La visita al campo de concentración de Sachsenhausen fue…
Abrumadora y creo que me quedo corta, pero vamos a empezar desde el principio, como y dónde lo contratamos.

Como llegar:

Se puede visitar el campo de forma totalmente gratuita, coges la linea S1 del trasporte publico Berlin hasta la ciudad de Oranienburg. (Es importante tener el billete para las zonas A-B-C)

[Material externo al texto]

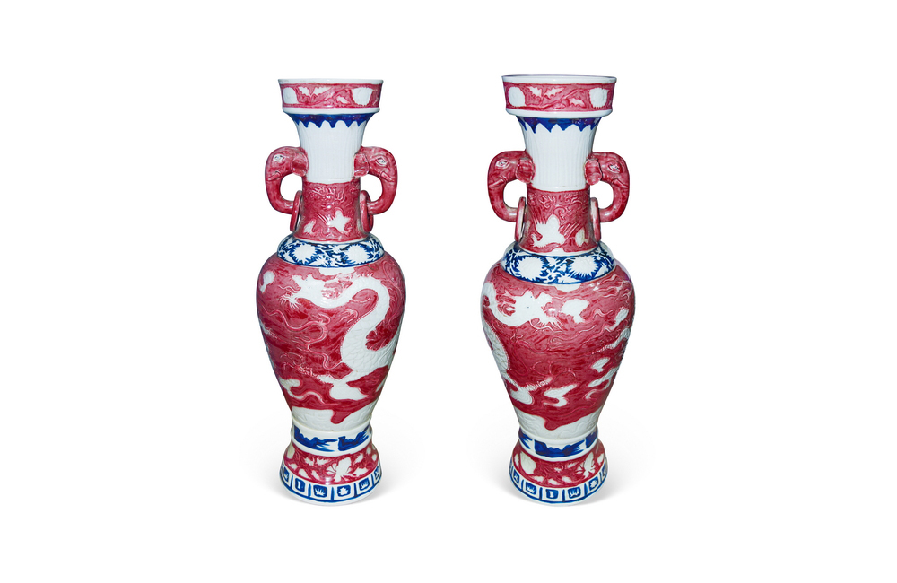 202501_379 青花釉里红留白龙纹耳瓶(一对) 元代

Luego tomas un autobús de linea el nº804 y nº821 (Parada Gedenkstätte) a la salida de la misma parada de metro y te dejan en el campo en el que puedes alquilar una audio-guía por 3€ aproximadamente.

Nuestra recomendación:

Nosotros recomendamos hacerlo con un guía en Español ya que la visita es mucho más emotiva e interesante.

Esta es la forma escogida por nosotros y te la contamos aquí 👇👇👇

Cuando llegamos el primer día a Berlín como habréis leído en el artículo de la introducción a Berlín hicimos un Free Tour.
Una de las empresas que opera a través de las reservas de Civitatis es Sandemans.
En el descanso del Free Tour paras en una cafetería para poder ir al baño y además poder contratar otras excursiones que ofrecen.

Por cierto también te dan una tarjeta con descuentos 😍

Pero al final reservamos el tour con Civitatis «Sachsenhausen en español»
Este tour no incluye el transporte, es decir a parte debes comprar el billete de transporte público Berlin con el que tienes que llegar hasta el lugar.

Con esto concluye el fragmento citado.